(Beginning of Record extracts)
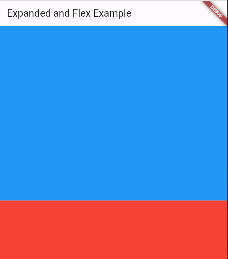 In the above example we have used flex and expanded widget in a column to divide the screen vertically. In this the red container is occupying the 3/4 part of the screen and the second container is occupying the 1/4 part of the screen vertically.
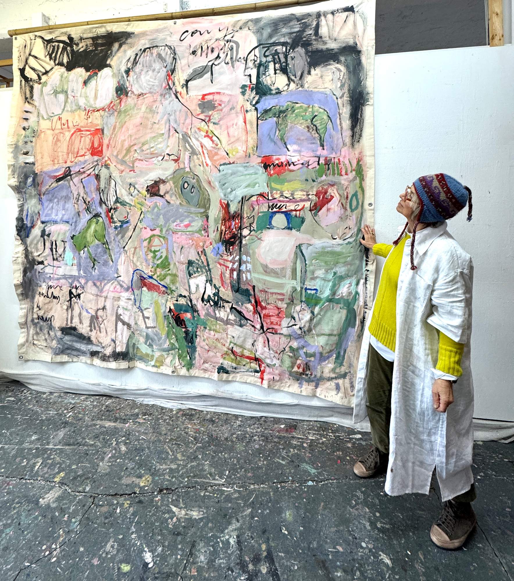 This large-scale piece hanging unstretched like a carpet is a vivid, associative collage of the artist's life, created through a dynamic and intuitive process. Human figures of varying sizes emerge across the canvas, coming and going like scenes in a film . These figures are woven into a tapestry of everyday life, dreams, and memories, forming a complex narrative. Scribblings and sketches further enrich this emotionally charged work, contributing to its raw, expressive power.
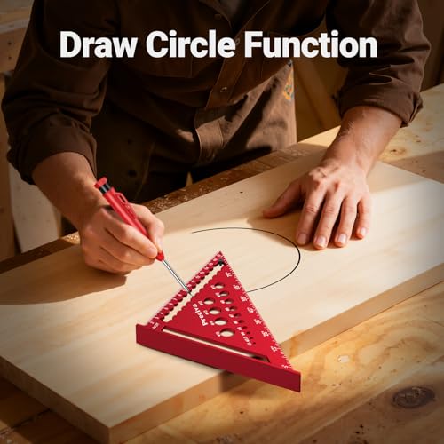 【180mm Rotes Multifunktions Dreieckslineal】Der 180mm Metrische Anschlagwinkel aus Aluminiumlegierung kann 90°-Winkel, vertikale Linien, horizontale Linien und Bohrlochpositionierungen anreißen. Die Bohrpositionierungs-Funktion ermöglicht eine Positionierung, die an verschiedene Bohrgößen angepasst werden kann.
(End of Record extracts)
(Beginning of Record extracts)
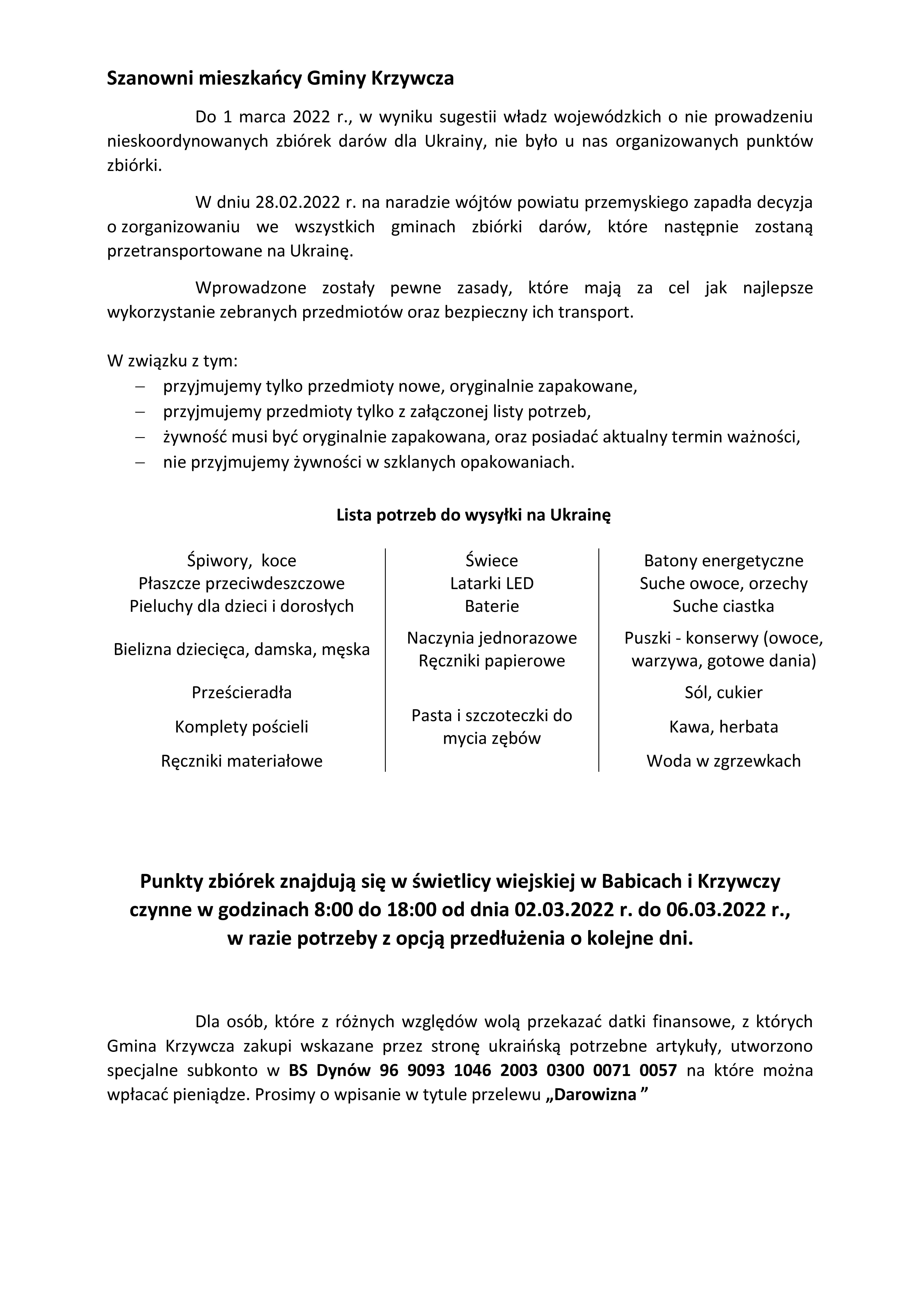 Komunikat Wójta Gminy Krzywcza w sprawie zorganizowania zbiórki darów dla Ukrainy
(End of Record extracts)
(Beginning of Record extracts)
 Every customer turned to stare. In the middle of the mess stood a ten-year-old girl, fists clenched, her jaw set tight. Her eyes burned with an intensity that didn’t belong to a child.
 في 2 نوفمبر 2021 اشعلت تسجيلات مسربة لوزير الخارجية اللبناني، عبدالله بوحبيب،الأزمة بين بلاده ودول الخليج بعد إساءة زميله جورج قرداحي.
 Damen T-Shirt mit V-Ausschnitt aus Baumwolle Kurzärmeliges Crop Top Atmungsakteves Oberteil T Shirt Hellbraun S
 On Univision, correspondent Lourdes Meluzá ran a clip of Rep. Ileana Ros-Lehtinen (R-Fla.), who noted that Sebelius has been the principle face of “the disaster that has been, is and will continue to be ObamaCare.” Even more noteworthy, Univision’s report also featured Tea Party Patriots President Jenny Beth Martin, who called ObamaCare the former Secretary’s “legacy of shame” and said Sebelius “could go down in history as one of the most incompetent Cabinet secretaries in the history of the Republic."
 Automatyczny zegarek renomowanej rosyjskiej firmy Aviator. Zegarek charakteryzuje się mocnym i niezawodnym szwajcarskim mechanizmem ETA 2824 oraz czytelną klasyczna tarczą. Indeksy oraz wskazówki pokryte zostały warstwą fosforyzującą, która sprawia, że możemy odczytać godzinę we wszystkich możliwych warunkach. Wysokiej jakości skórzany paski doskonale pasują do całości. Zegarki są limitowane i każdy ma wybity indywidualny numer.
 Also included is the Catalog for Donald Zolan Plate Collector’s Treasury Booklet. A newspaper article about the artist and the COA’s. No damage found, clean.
(End of Record extracts)
## Description of the task
Across the listing above, state how many lines include the word "that", with nothing but the number in reply.

## Reply to the task
2